— Exercise directions —
Would you mind restating all of the records word for word, skipping the pictures?

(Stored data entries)

+===+

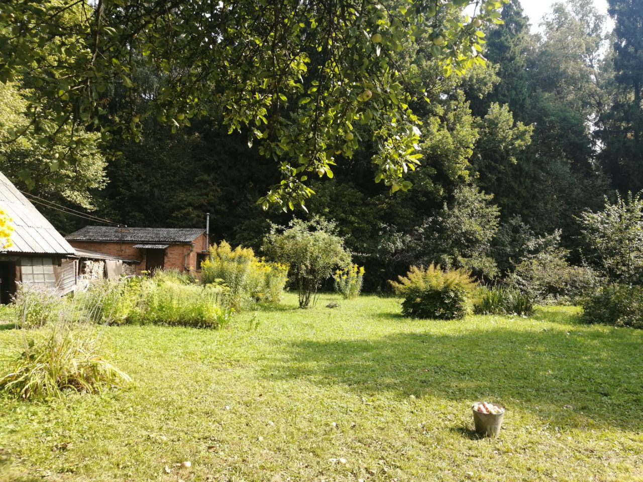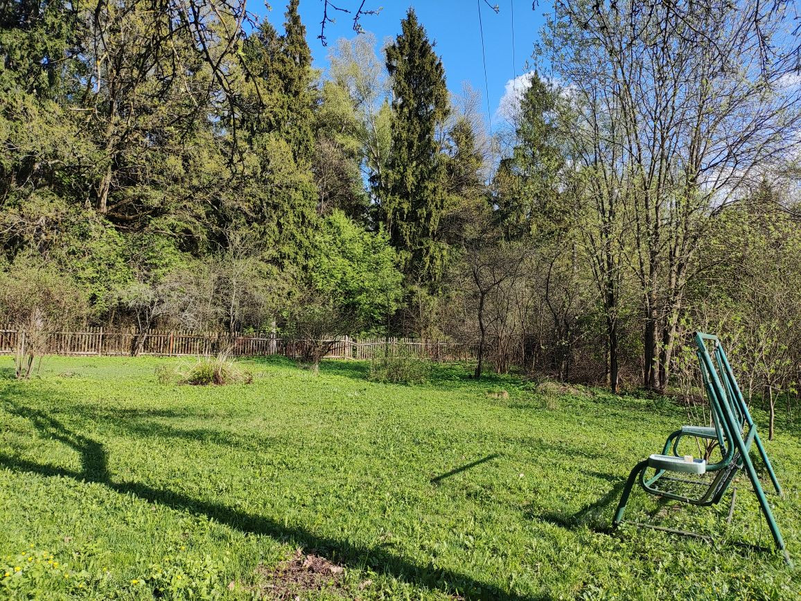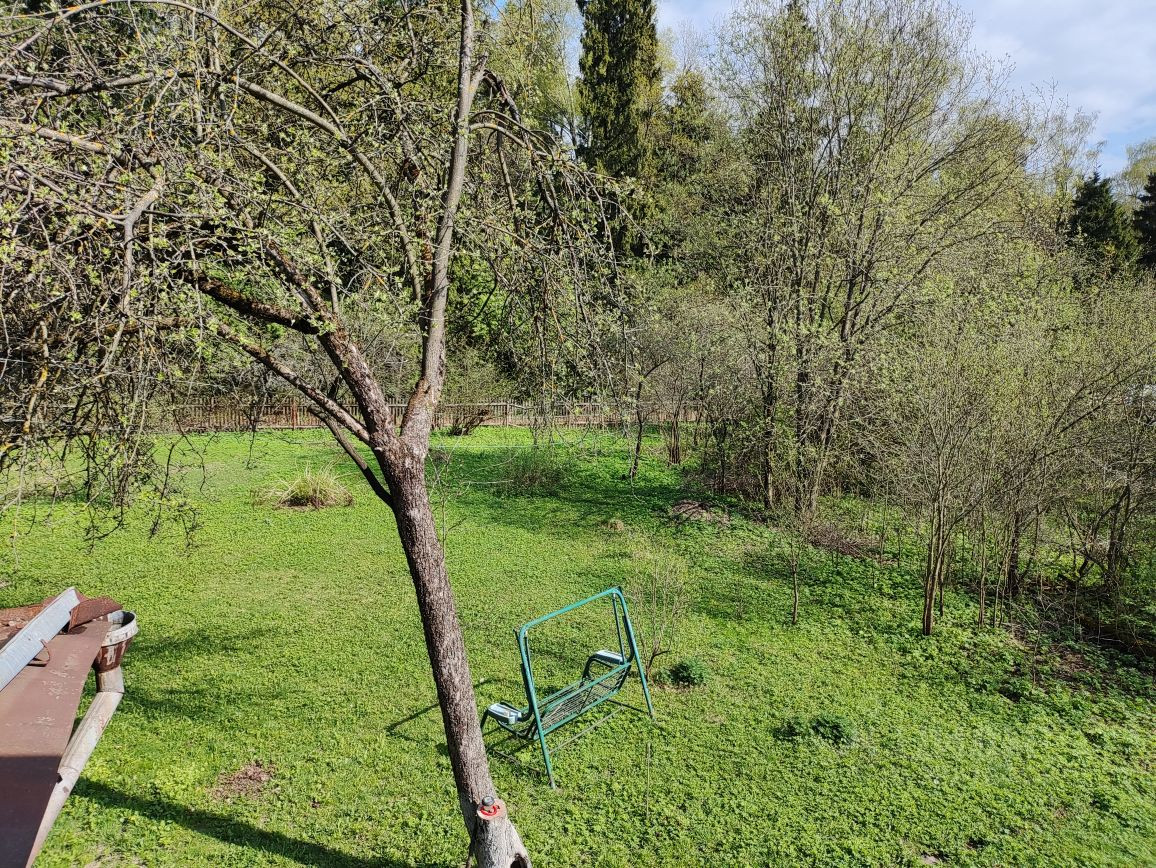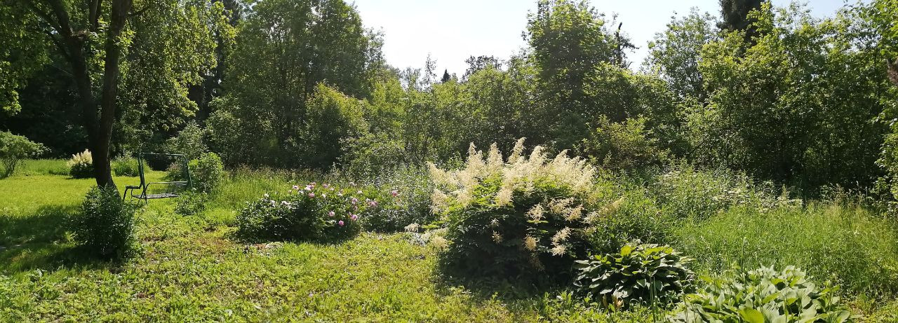 Участок ровный, правильной формы, межевание проведено. Сделаны дорожки, на участке растут плодовые (яблони, сливы, боярышник) и декоративные растения (люпины, тюльпаны), хороший газон.
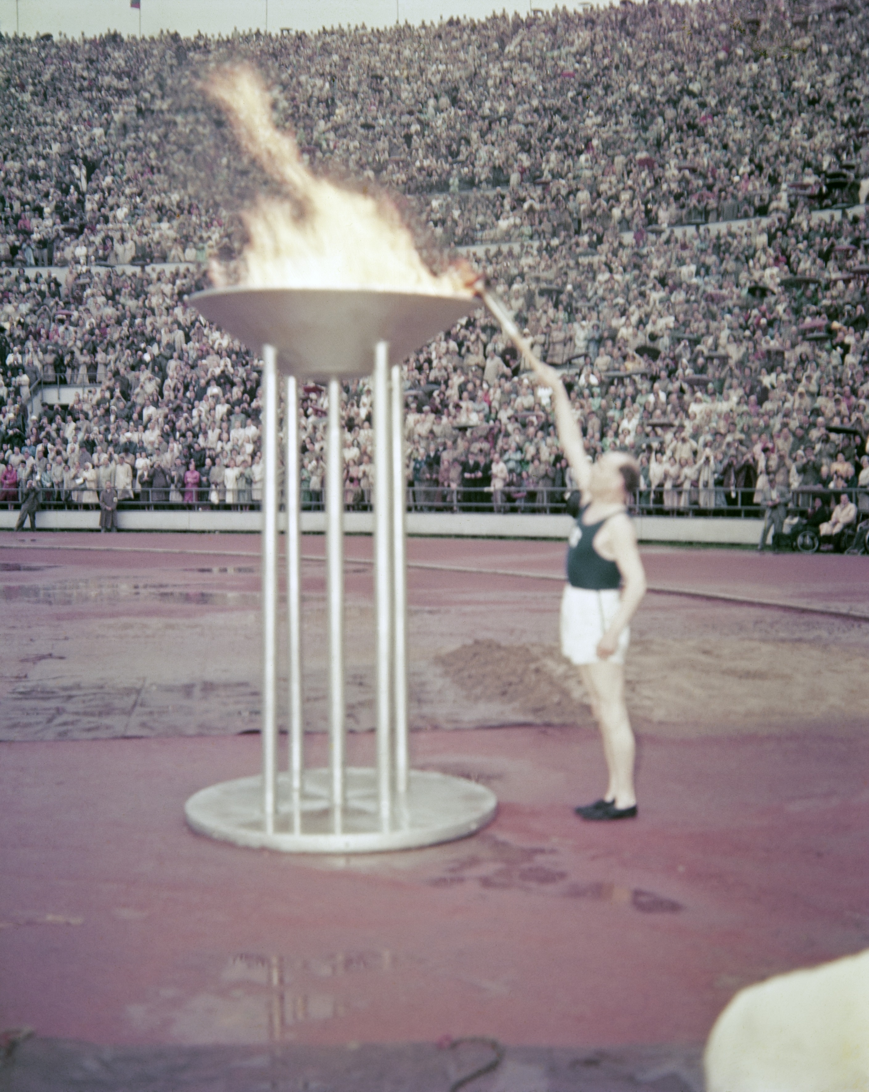 1952년 헬싱키에서 파보 누르미가 성화에 불을 붙이는 모습
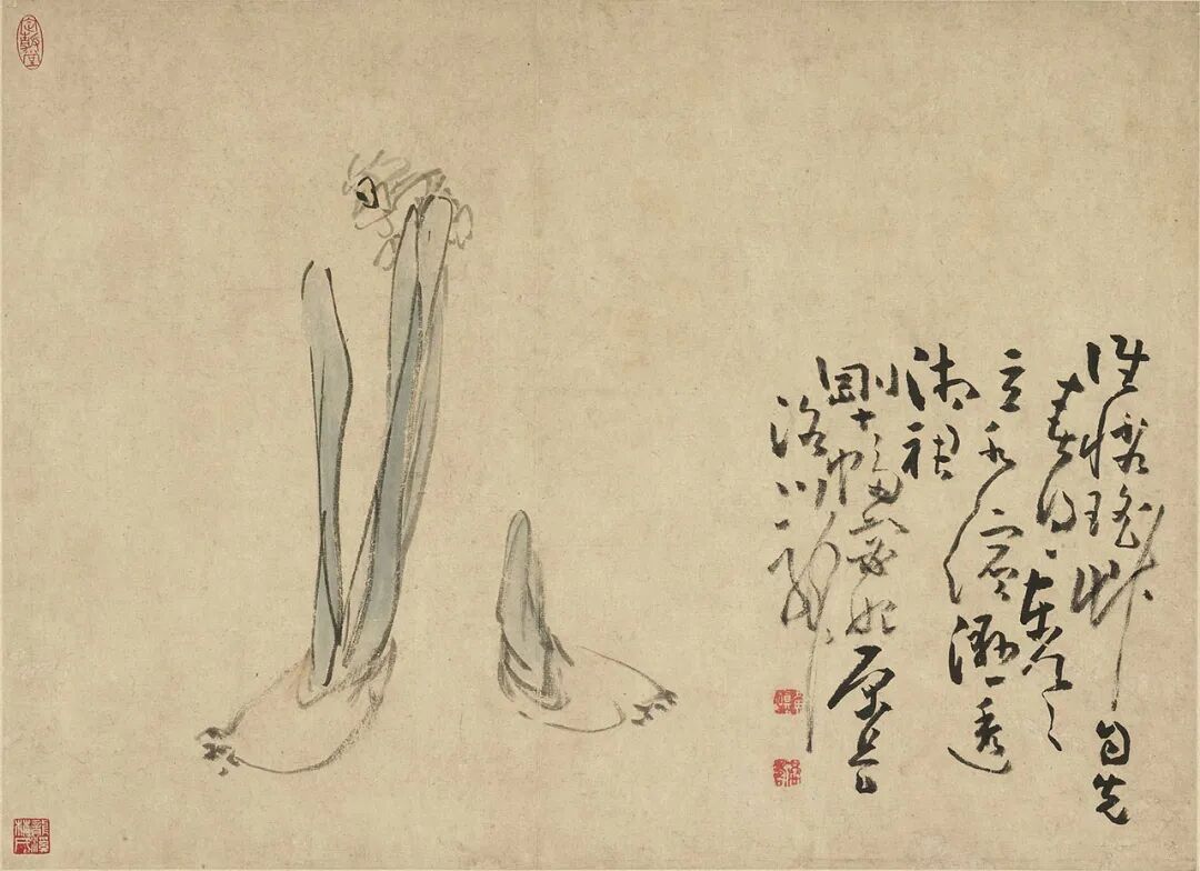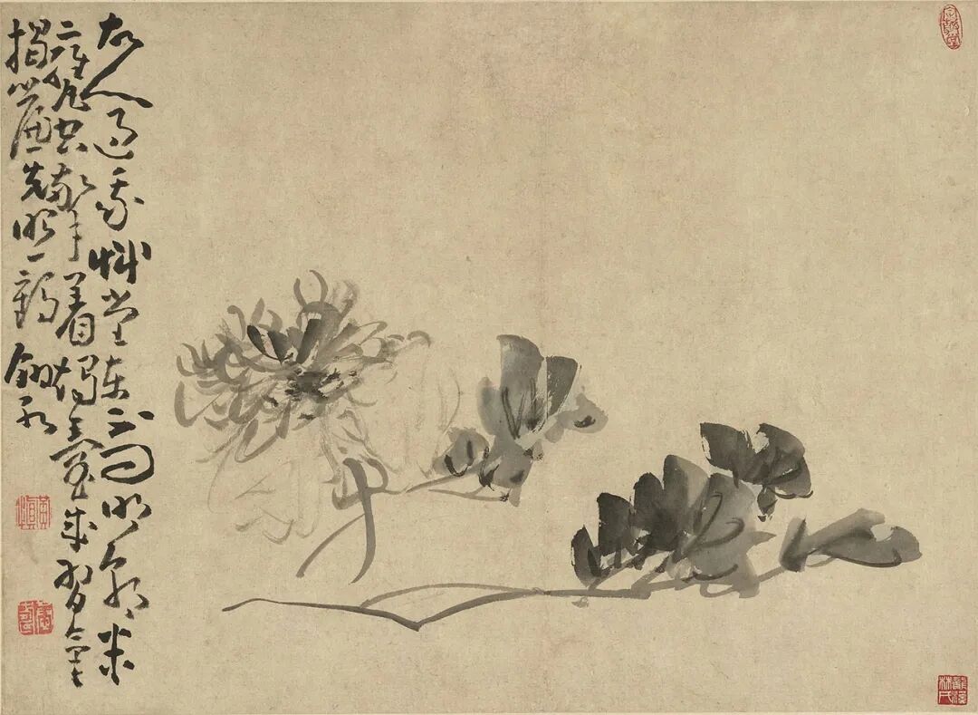 黄慎(一六八七-一七六八),福建宁化人。字恭懋,号瘿瓢。家贫无以为继,遂学画,康熙五十八(一七一九)年鬻画于扬州,开创笔墨新趣,为扬州画派重要画家。本册共计六幅,分别描绘碧桃、牡丹、芍药、玉簪、水仙及梅花。用狂草笔法状写各种花卉,笔姿放纵,得荒率之趣而不失灵秀之气。以草书所题之款识与画互为映发,并臻佳妙。
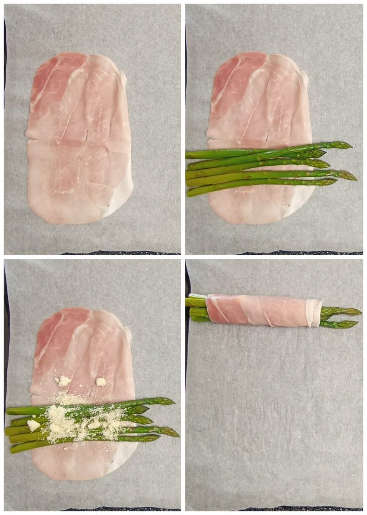 • Open a slice of cooked ham and place 5 asparagus on one side.
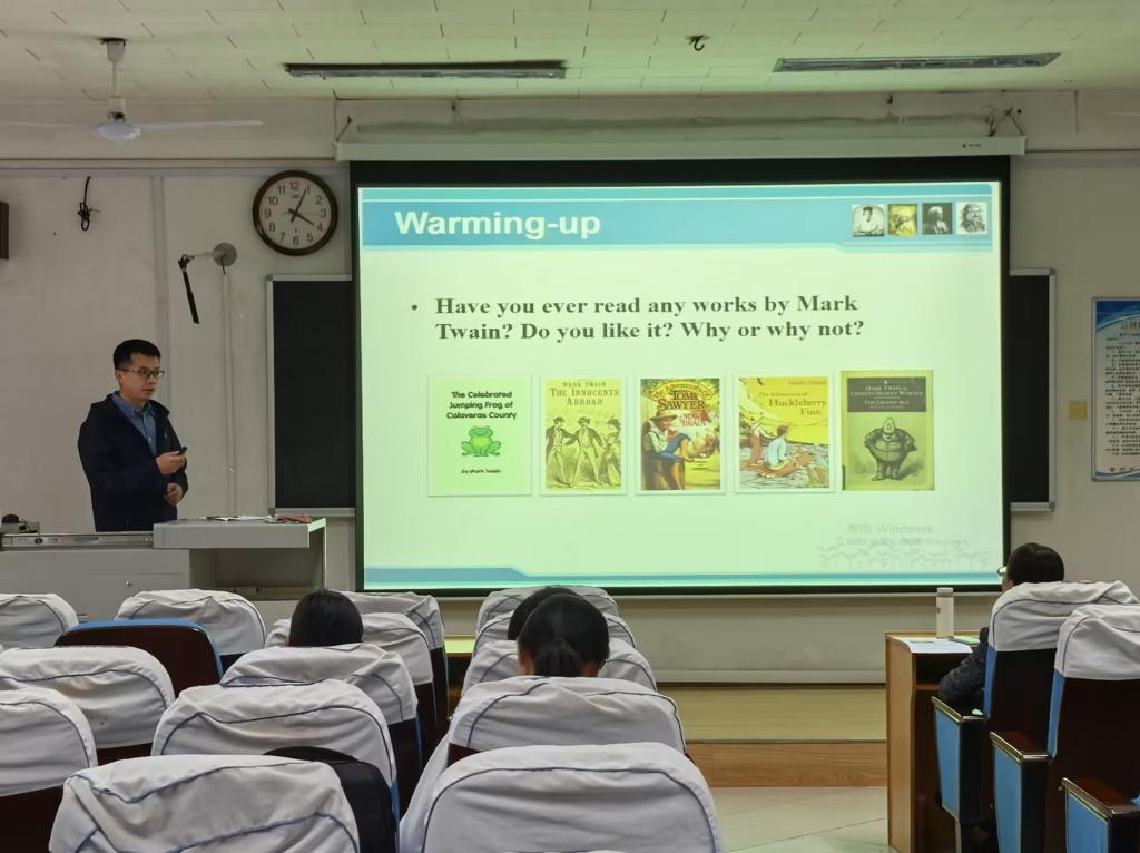 比赛现场,气氛热烈,精彩纷呈。各位青年教师精神饱满,各展其能,将先进的教学理念与现代化的教学手段巧妙融合,呈现了一堂堂设计精巧、内容丰富、互动高效的精彩授课。伊纪昌老师讲课声音洪亮,气场全开,逻辑层层递进,以思路娓娓牵引,展现了严密的课堂设计。周霞老师的英语思辨课则别出心裁,以例子吸引学生注意力,讲解生动有趣,课堂气氛活跃,学生参与度极高,充分体现了“以学生为中心”的教学理念。

+===+

— Solution —
 Участок ровный, правильной формы, межевание проведено. Сделаны дорожки, на участке растут плодовые (яблони, сливы, боярышник) и декоративные растения (люпины, тюльпаны), хороший газон.
 1952년 헬싱키에서 파보 누르미가 성화에 불을 붙이는 모습
 黄慎(一六八七-一七六八),福建宁化人。字恭懋,号瘿瓢。家贫无以为继,遂学画,康熙五十八(一七一九)年鬻画于扬州,开创笔墨新趣,为扬州画派重要画家。本册共计六幅,分别描绘碧桃、牡丹、芍药、玉簪、水仙及梅花。用狂草笔法状写各种花卉,笔姿放纵,得荒率之趣而不失灵秀之气。以草书所题之款识与画互为映发,并臻佳妙。
 • Open a slice of cooked ham and place 5 asparagus on one side.
 比赛现场,气氛热烈,精彩纷呈。各位青年教师精神饱满,各展其能,将先进的教学理念与现代化的教学手段巧妙融合,呈现了一堂堂设计精巧、内容丰富、互动高效的精彩授课。伊纪昌老师讲课声音洪亮,气场全开,逻辑层层递进,以思路娓娓牵引,展现了严密的课堂设计。周霞老师的英语思辨课则别出心裁,以例子吸引学生注意力,讲解生动有趣,课堂气氛活跃,学生参与度极高,充分体现了“以学生为中心”的教学理念。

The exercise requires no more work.